Output only the stretch of the listing that starts at the line containing "截至年末,全市空置率同比上升" and ends at the line containing "فروش ویژه کفش", reproduced exactly with both ends.

-- Data to process --
※ ※ ※

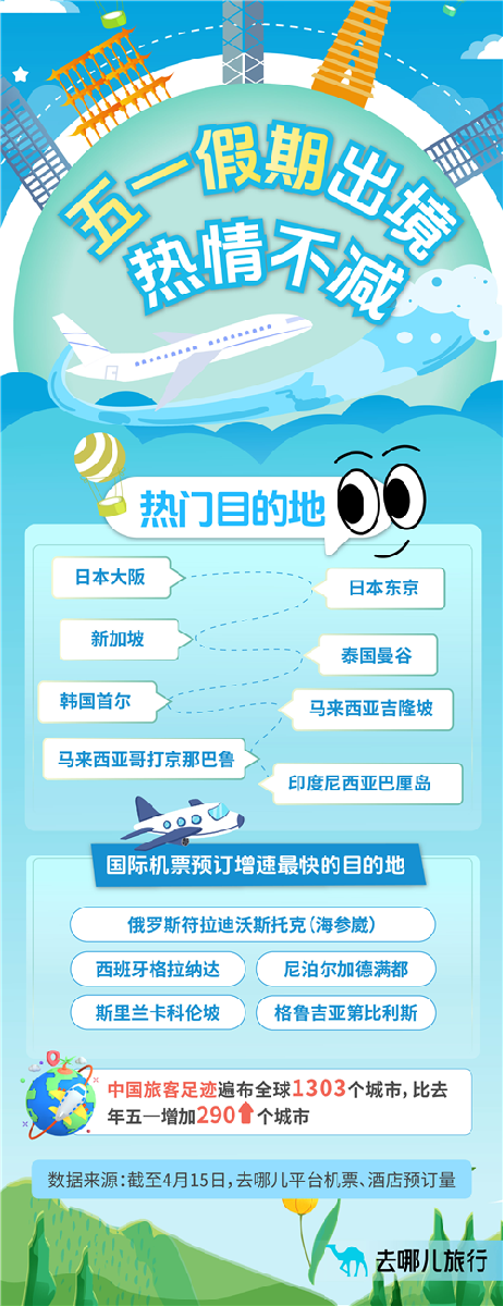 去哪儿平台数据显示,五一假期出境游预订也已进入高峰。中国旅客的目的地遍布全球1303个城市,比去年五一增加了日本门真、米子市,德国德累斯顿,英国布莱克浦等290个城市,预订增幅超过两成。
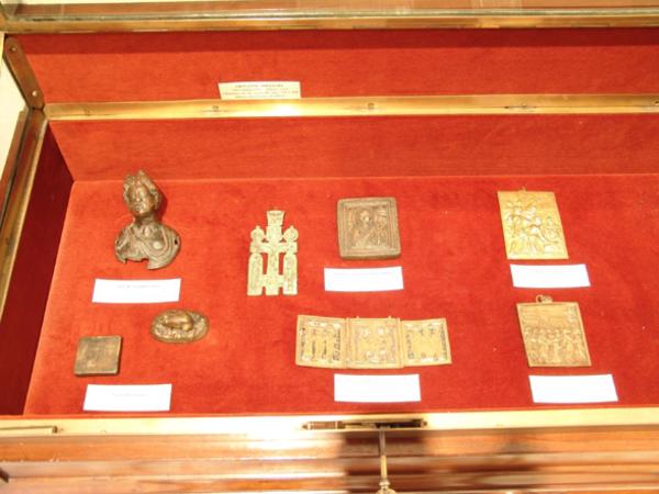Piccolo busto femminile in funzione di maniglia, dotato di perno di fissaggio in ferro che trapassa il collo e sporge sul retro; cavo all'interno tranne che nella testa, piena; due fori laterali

※ ※ ※

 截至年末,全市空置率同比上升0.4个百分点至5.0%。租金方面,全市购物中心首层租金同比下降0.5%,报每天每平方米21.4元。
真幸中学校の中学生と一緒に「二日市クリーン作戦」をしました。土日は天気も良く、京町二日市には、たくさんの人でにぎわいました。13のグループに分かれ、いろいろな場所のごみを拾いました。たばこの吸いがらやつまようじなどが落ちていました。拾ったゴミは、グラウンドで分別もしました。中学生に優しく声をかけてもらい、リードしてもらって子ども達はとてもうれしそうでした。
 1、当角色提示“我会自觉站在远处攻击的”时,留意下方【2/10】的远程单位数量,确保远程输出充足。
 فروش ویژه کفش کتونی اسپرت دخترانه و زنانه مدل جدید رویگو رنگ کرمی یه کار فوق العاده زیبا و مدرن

※ ※ ※

-- Solution --
 截至年末,全市空置率同比上升0.4个百分点至5.0%。租金方面,全市购物中心首层租金同比下降0.5%,报每天每平方米21.4元。
真幸中学校の中学生と一緒に「二日市クリーン作戦」をしました。土日は天気も良く、京町二日市には、たくさんの人でにぎわいました。13のグループに分かれ、いろいろな場所のごみを拾いました。たばこの吸いがらやつまようじなどが落ちていました。拾ったゴミは、グラウンドで分別もしました。中学生に優しく声をかけてもらい、リードしてもらって子ども達はとてもうれしそうでした。
 1、当角色提示“我会自觉站在远处攻击的”时,留意下方【2/10】的远程单位数量,确保远程输出充足。
 فروش ویژه کفش کتونی اسپرت دخترانه و زنانه مدل جدید رویگو رنگ کرمی یه کار فوق العاده زیبا و مدرن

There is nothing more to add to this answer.